*Source material*:
*** Block opens ***

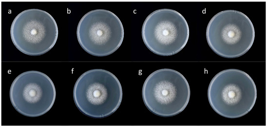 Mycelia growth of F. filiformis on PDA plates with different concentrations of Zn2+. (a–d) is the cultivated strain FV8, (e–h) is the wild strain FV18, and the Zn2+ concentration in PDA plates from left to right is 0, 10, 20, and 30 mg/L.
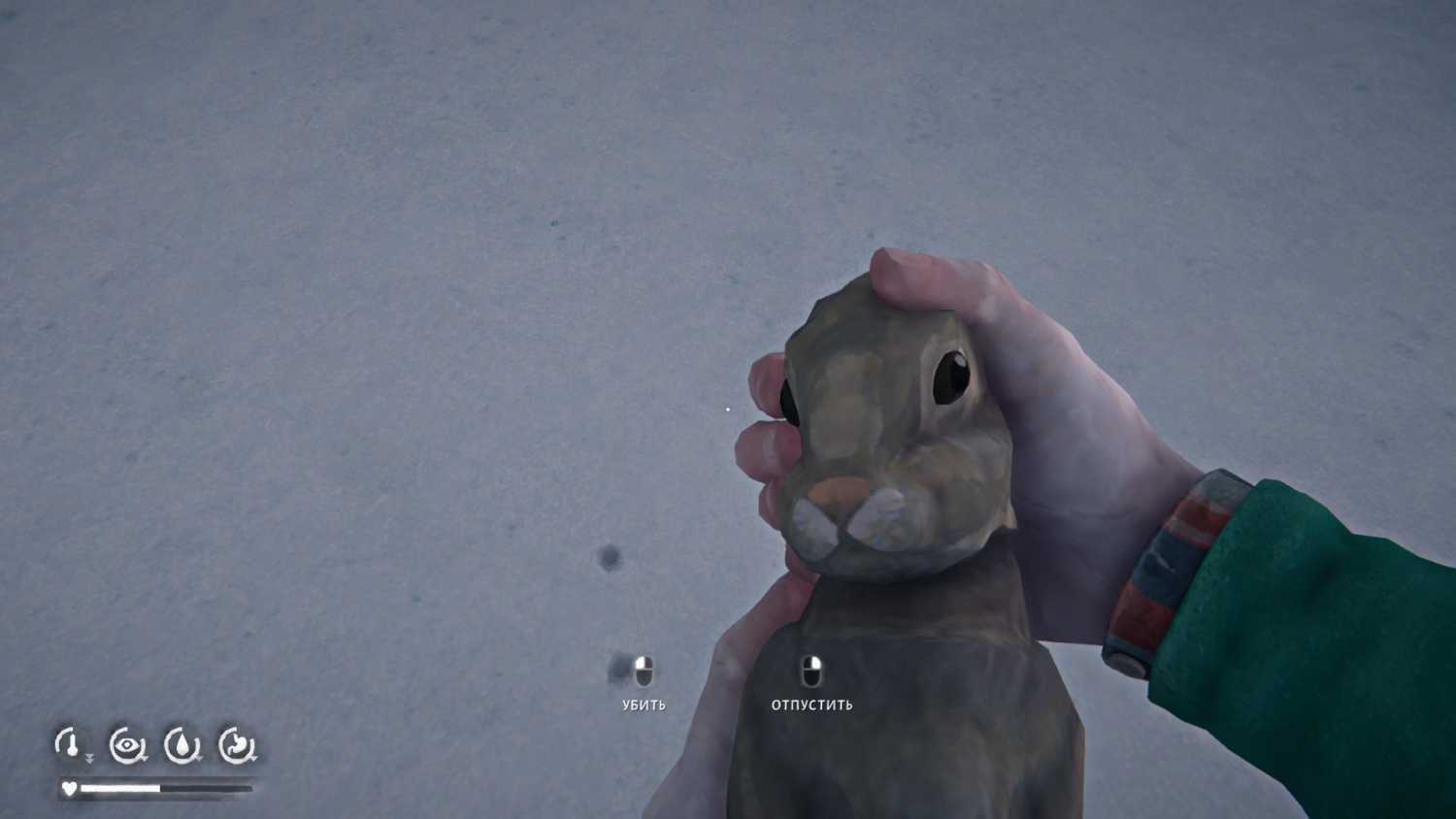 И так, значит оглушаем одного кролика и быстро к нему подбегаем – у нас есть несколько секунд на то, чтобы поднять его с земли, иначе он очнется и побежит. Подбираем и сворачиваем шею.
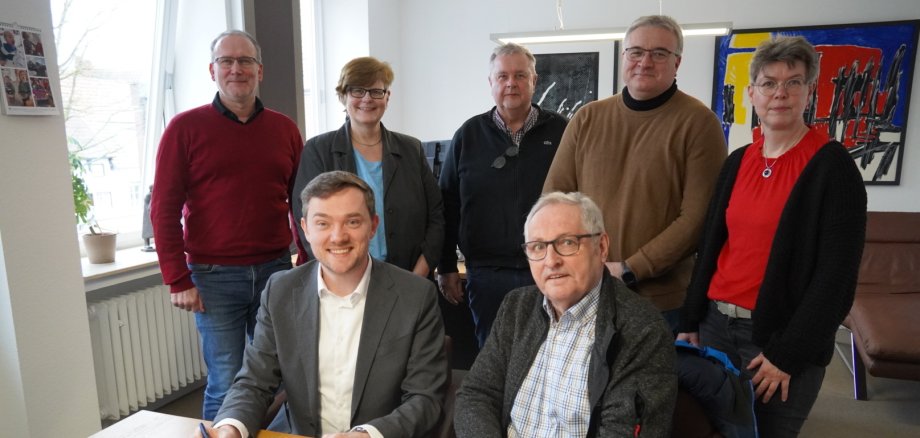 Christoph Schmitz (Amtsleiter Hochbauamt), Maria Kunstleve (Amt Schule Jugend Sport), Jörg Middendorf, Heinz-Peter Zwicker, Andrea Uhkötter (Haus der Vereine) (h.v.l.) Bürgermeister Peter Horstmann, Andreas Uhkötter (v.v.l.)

*** Block closes ***

Repeat the data above in full and exactly. Omit every image.

 Mycelia growth of F. filiformis on PDA plates with different concentrations of Zn2+. (a–d) is the cultivated strain FV8, (e–h) is the wild strain FV18, and the Zn2+ concentration in PDA plates from left to right is 0, 10, 20, and 30 mg/L.
 И так, значит оглушаем одного кролика и быстро к нему подбегаем – у нас есть несколько секунд на то, чтобы поднять его с земли, иначе он очнется и побежит. Подбираем и сворачиваем шею.
 Christoph Schmitz (Amtsleiter Hochbauamt), Maria Kunstleve (Amt Schule Jugend Sport), Jörg Middendorf, Heinz-Peter Zwicker, Andrea Uhkötter (Haus der Vereine) (h.v.l.) Bürgermeister Peter Horstmann, Andreas Uhkötter (v.v.l.)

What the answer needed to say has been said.